### Required work
Restate word for word the lines below from the one that has "La Municipalidad de" through the one that has "Unser Weg führte", keeping both and dropping all pictures.
Top of Supplied records
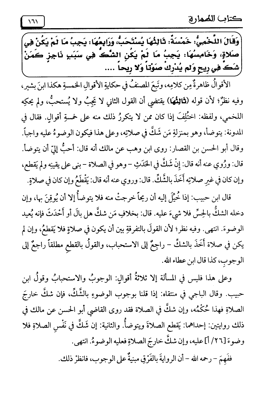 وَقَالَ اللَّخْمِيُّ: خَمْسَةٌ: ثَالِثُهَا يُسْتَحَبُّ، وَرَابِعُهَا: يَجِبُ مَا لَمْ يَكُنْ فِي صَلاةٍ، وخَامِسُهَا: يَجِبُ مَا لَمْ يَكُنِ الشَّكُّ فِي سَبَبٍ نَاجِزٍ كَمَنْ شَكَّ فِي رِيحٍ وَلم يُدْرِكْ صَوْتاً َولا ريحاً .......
Bottom of Supplied records
Top of Supplied records
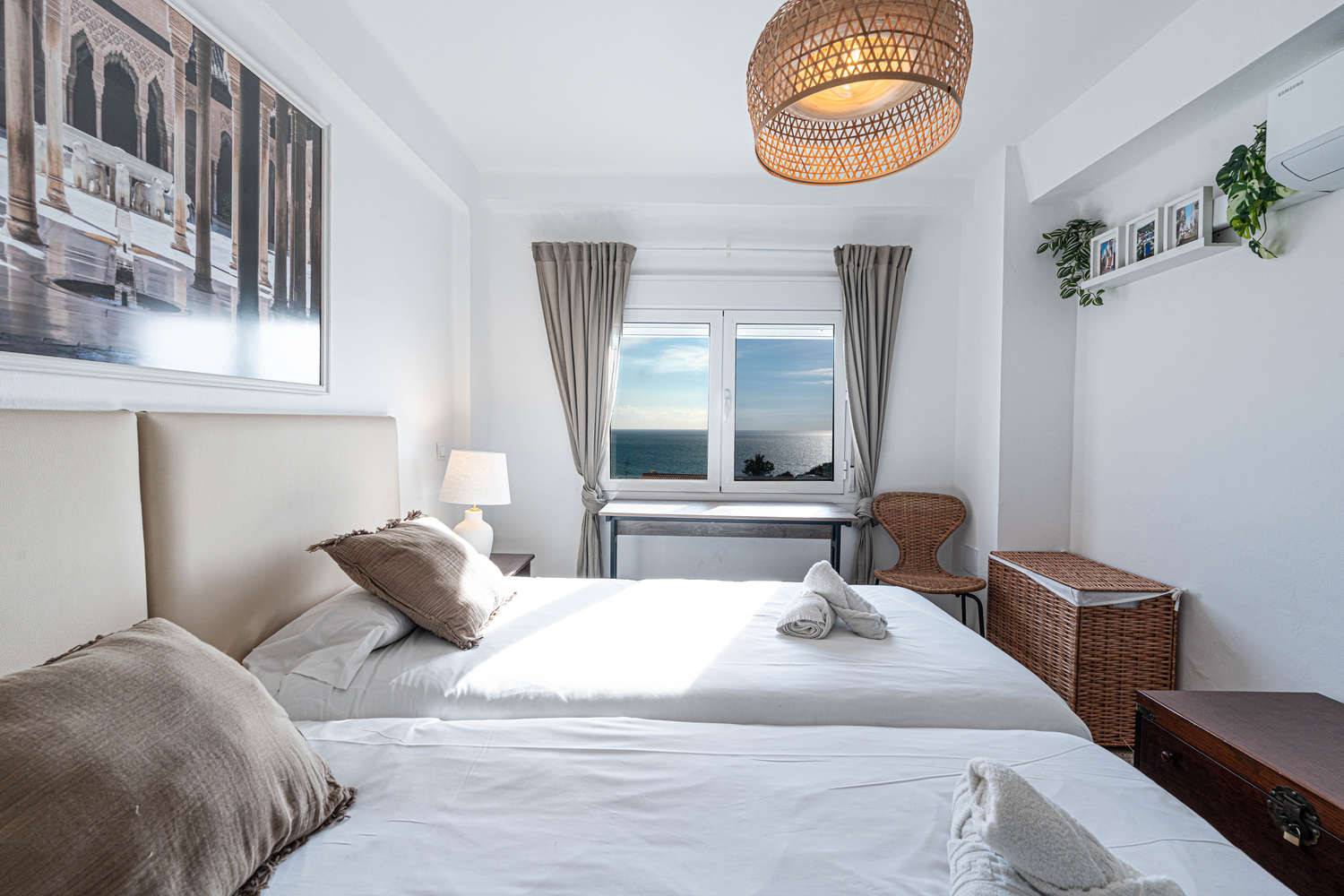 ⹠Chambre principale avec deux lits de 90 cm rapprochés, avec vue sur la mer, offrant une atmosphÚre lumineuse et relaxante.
Bottom of Supplied records
Top of Supplied records
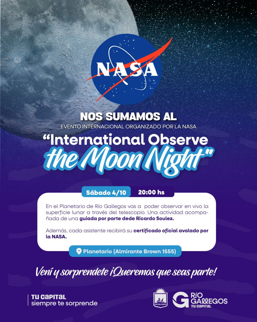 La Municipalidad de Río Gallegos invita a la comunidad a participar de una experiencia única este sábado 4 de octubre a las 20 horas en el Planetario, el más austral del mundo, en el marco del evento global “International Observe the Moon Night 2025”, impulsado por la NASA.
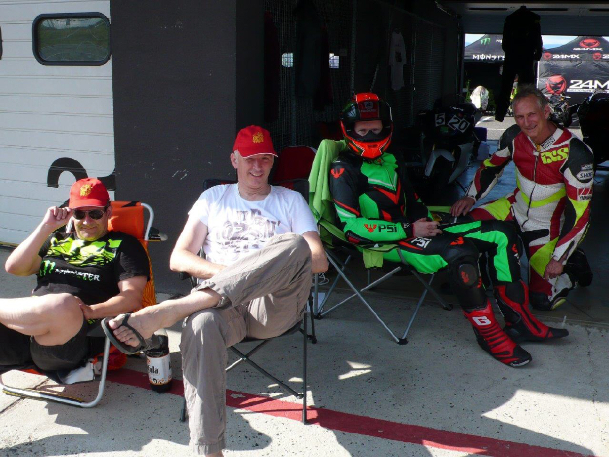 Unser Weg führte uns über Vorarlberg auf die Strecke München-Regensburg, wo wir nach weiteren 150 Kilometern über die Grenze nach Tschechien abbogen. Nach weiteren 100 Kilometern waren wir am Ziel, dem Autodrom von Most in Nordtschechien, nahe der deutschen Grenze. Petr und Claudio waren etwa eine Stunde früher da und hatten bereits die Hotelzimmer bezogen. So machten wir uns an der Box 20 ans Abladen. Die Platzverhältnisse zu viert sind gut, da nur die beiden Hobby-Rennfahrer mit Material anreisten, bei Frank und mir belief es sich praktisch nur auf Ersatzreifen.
Bottom of Supplied records
### Answer for this exercise
 La Municipalidad de Río Gallegos invita a la comunidad a participar de una experiencia única este sábado 4 de octubre a las 20 horas en el Planetario, el más austral del mundo, en el marco del evento global “International Observe the Moon Night 2025”, impulsado por la NASA.
 Unser Weg führte uns über Vorarlberg auf die Strecke München-Regensburg, wo wir nach weiteren 150 Kilometern über die Grenze nach Tschechien abbogen. Nach weiteren 100 Kilometern waren wir am Ziel, dem Autodrom von Most in Nordtschechien, nahe der deutschen Grenze. Petr und Claudio waren etwa eine Stunde früher da und hatten bereits die Hotelzimmer bezogen. So machten wir uns an der Box 20 ans Abladen. Die Platzverhältnisse zu viert sind gut, da nur die beiden Hobby-Rennfahrer mit Material anreisten, bei Frank und mir belief es sich praktisch nur auf Ersatzreifen.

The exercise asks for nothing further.